Leaving out every picture, copy the lines of the material below exactly, from the line containing "N/U - Orecchini" through the line containing "Також на власній".

§ **Records to process**:
[Start of section]

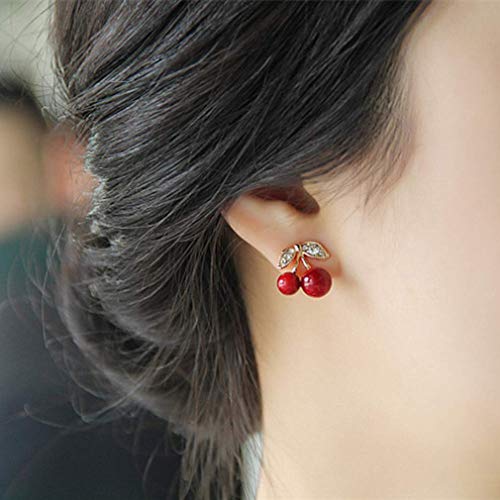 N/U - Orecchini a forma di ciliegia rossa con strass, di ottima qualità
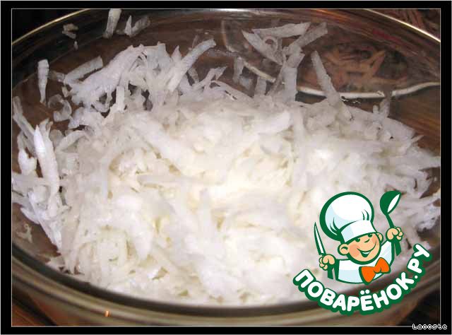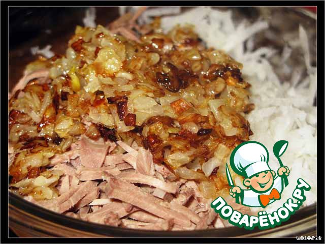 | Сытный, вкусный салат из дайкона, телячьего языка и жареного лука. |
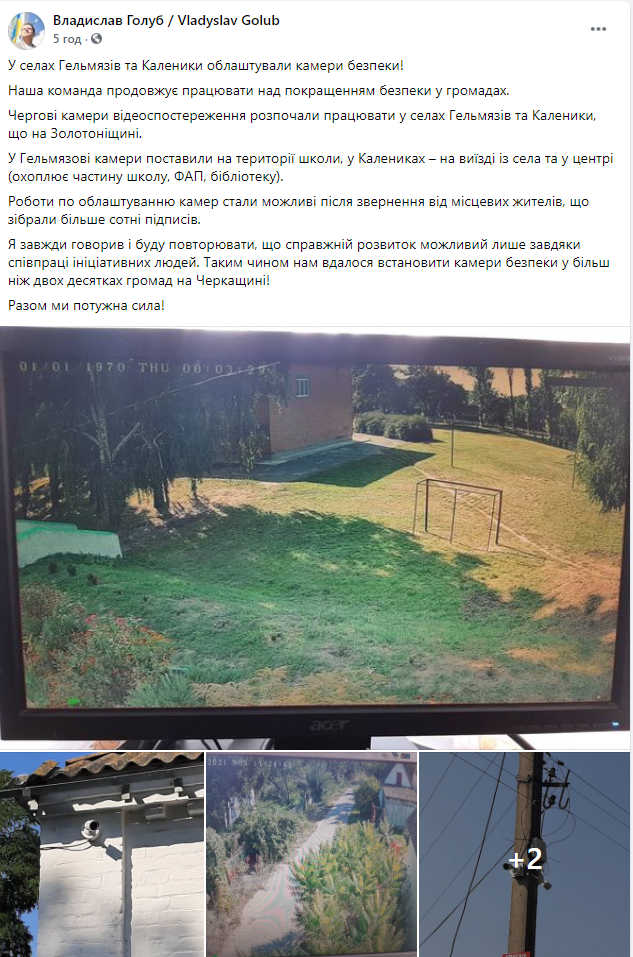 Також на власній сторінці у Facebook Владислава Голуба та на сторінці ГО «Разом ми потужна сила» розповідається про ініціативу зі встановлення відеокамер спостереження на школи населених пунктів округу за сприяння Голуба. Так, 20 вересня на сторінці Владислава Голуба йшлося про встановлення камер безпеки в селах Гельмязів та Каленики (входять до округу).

[End of section]
[Start of section]

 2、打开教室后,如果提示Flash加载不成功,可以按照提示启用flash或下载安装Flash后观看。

[End of section]

§ **Problem solution**:
 N/U - Orecchini a forma di ciliegia rossa con strass, di ottima qualità
 | Сытный, вкусный салат из дайкона, телячьего языка и жареного лука. |
 Також на власній сторінці у Facebook Владислава Голуба та на сторінці ГО «Разом ми потужна сила» розповідається про ініціативу зі встановлення відеокамер спостереження на школи населених пунктів округу за сприяння Голуба. Так, 20 вересня на сторінці Владислава Голуба йшлося про встановлення камер безпеки в селах Гельмязів та Каленики (входять до округу).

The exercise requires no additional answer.